5. The id → routing binding (the consumer)

GetDmaId(int) has exactly one caller in the unit — ConvertTpuTraceToXPlane<…pxc::profiler::TraceEntry> @ 0xf26c8d9 — proven by a full .text rel32 scan. The caller invokes it with selector 0:

DmaId = TraceEntryWrapper<…pxc::profiler::TraceEntry>::GetDmaId(v14, 0);  // selector 0 = cmd0
// test presence bit; if absent → drop (not a DMA-pairing event)
// else: DmaId is the key into flat_hash_map<uint64, DmaTransfer>

The 38-bit dma_id keys an absl::flat_hash_map<unsigned long, xprof::tpu::(anon)::DmaTransfer> (policy FlatHashMapPolicy<unsigned long, DmaTransfer>; insert via PrepareInsertSmallNonSoo / PrepareInsertLarge; key hashed by Hash<long>). Begin and end events that share a dma_id land in the same DmaTransfer slot, producing one begin/end span. The map is drained into device XEvents by MergeOverlappingTransfersConvertDmaTransfersToXPlane.

This is the routing: the dma_id routes a command's transaction to a single timeline slot, so that:

OciCommonReadCmdIssuedFromEngine (id 22)  ── begin marker ─┐
                                                            ├─ same dma_id → one DmaTransfer span
OciCommonCompletedInTcs          (id 96)  ── end marker ───┘

CONFIRMED-PARTIAL — The consumer keys on cmd0 only. GetDmaId(int) is called from exactly this one site, always with selector = 0. The selector template supports selector 1/2 (the 2nd/3rd embedded transaction's dma_id is extractable), but no consumer in this unit requests them: whether a multi-transaction OCI command is ever split into more than one timeline span by a different pass (or by a newer-generation builder) is unverified in this binary. The pxc DMA timeline pairs on the first embedded transaction's dma_id.

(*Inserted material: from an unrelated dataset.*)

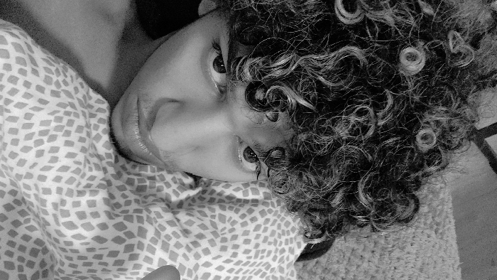 The monochrome image displays a close-up portrait of a single individual, identified as a young male, positioned from the upper chest to the top of the head. He possesses dark, tightly curled hair with distinct lighter highlights, forming prominent ringlets. His gaze is directed forward towards the camera, with dark eyes exhibiting reflected light and a seemingly neutral expression. Facial features include a prominent nose, full lips, and a visible light growth of stubble along the chin and jawline. The subject's left shoulder and upper chest are bare. He is partially covered by a patterned fabric, resembling a blanket or duvet cover, which features a repeating design of small, light-colored diamond or rhomboid shapes on a darker base. The background elements suggest an indoor setting: a textured surface, possibly carpet or upholstery, is visible in the upper right, and a dark, indistinct angled object, consistent with furniture, is in the upper left. No specific geographical markers or contextual details are present within the image to determine a location within Kamenz - Kamjenc, Germany, or any other specific city.
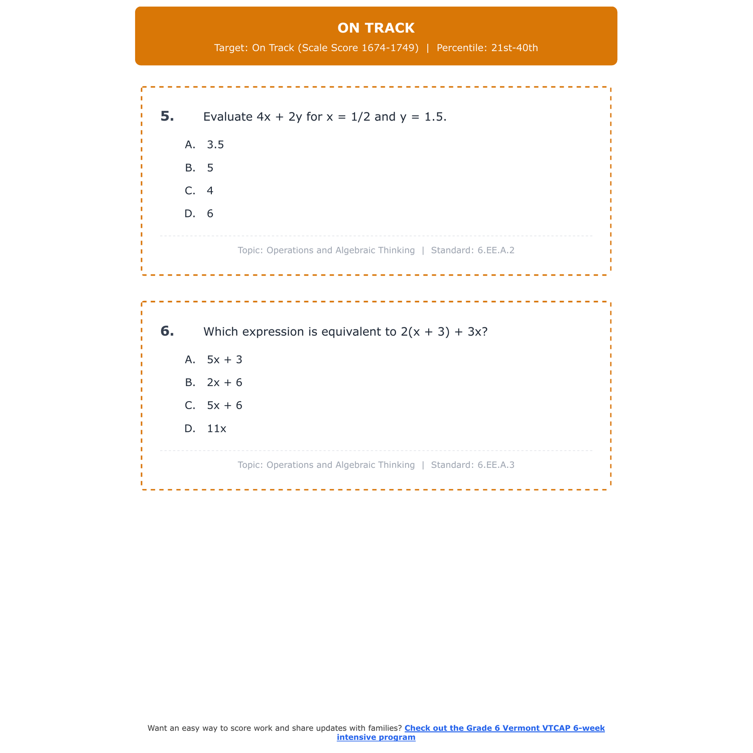 [Grade 6] Vermont VTCAP Math | 6-Week Test Prep Program | Scale Score 1500-2000

5.1 Where this differs from the ICR Node-Fabric band

The OCI command band (this page) and the ICR Node-Fabric DMA band (../routing/icr-node-fabric-dma.md) are two distinct paths into the same flat_hash_map<uint64, DmaTransfer> machinery, but they are read by different code:

OCI command band (this page)ICR Node-Fabric DMA band
Trace ids22, 23, 26, 54, 55, 9648, 50, 51, 91
Headers per eventup to 3 (cmd0/1/2, gated by index_valid)exactly 1 (inline trace_id_header)
dma_id extractorCmdDmaIdFromEntry<T>(msg, selector)GetDmaId per-id arm → single-header tail
Begin/end pairingcommand issued (22/26) ↔ completed (96), same dma_iddescriptor (91) / egress-msg (50); ICI first/last packet (48)
Ownscommand DMA-id selectors + 3 header bands + id→routingthe 48/50/51/91 payload decode + egress/ingress span

Both use the identical 38-bit dma_id layout (§3) and the same flat_hash_map policy, so a transaction's id is the same value whether it is observed on the command band or the NF band — which is what lets the two bands' events for one transaction collate.


6. What the selector does not decide

NOTE — The selector reads only the picked header's {transaction_id, core_id, chip_id} and the index_valid gate. Everything else on the OCI command record is dropped by the selector path:

  • id_index0/1/2 (the 17-bit per-transaction indices at +0x34/+0x38/+0x3c) are decoded into the proto but are not part of the dma_id key. Their semantic role — command-queue slot, descriptor-ring pointer, or re-order tag distinct from transaction_id — is LOW / unverified here; no consumer reading them as a timeline key was located.
  • node_type (+0x40) labels the endpoint class but does not select a lane or key a slot.
  • The begin/end discriminator inside the DmaTransfer pairing — which trace_point_id marks the begin (id 22/26) vs. the end (id 96) of one span, and how MergeOverlappingTransfers folds same-dma_id events — is the DmaTransfer struct's own logic, not the selector's; it is documented with the band decode, not here.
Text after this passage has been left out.